IndisputableMonolith.Statistics.BayesianFilteringFromVFE
This module constructs Bayesian filtering from variational free energy on finite recognition partitions. It defines likelihood, evidence, single-step updates, sequence iteration, and a consistency certificate. Statisticians applying active inference or RS-derived dynamics cite it to ground filtering in the RCL. The module consists entirely of layered definitions that import and extend the VFE construction.

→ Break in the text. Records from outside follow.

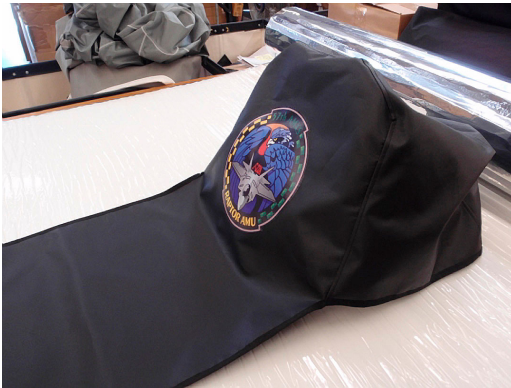
F22 Raptor Ejection Seat Maintenance Cover
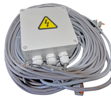
Start-Stop Automatic Product No.: 150010016
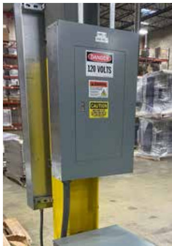
VIEW OF ELECTRICAL
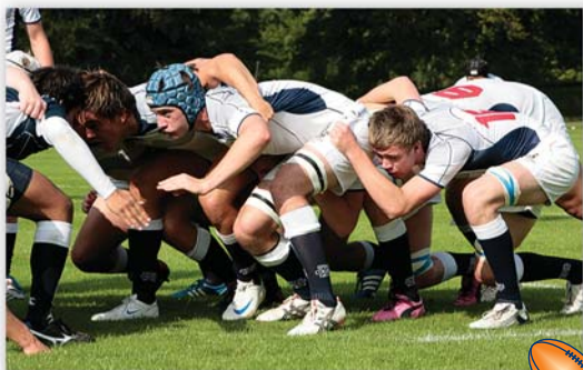
The 1st XV has had another highly successful season

It has been another exceptional season for the 1st XV, with a record of eight wins and two defeats narrowly failing to match the performance of the previous two seasons. For much of the term, the team has been placed highly in the Canterbury rankings, at one stage reaching fifth in Great Britain.

claim$F[q;p]=E_q[E]+KL[q||p_{prior}]$ extended by $Likelihood$, $evidence$, $bayesStep$, $iterFilter$, and $BayesianFilteringCert$ on finite partitions.
background
The module operates in the Statistics domain and imports the VFE module, whose doc-comment states it implements variational free energy on a finite recognition partition with monotone descent under the ledger update. The Friston VFE is given explicitly as $F[q;p]=E_q[E]+KL[q||p_{prior}]$. Sibling definitions introduce likelihood functions, evidence computation, the Bayesian update step, iteration over lists, and a certificate that the filter satisfies the VFE property.
proof idea
this is a definition module, no proofs
why it matters in Recognition Science
The module supplies the filtering layer that extends the VFE construction from RCL into sequential inference. It directly supports the certificate $bayesianFilteringCert_holds$ and places Bayesian methods inside the Recognition Science statistics domain. No downstream modules are recorded, so its role is to close the definitional bridge between VFE descent and filtering operations.
scope and limits
- Does not derive the underlying VFE expression.
- Does not address continuous or infinite partitions.
- Does not prove convergence rates or error bounds.
- Does not connect to the phi-ladder or T5-T8 forcing steps.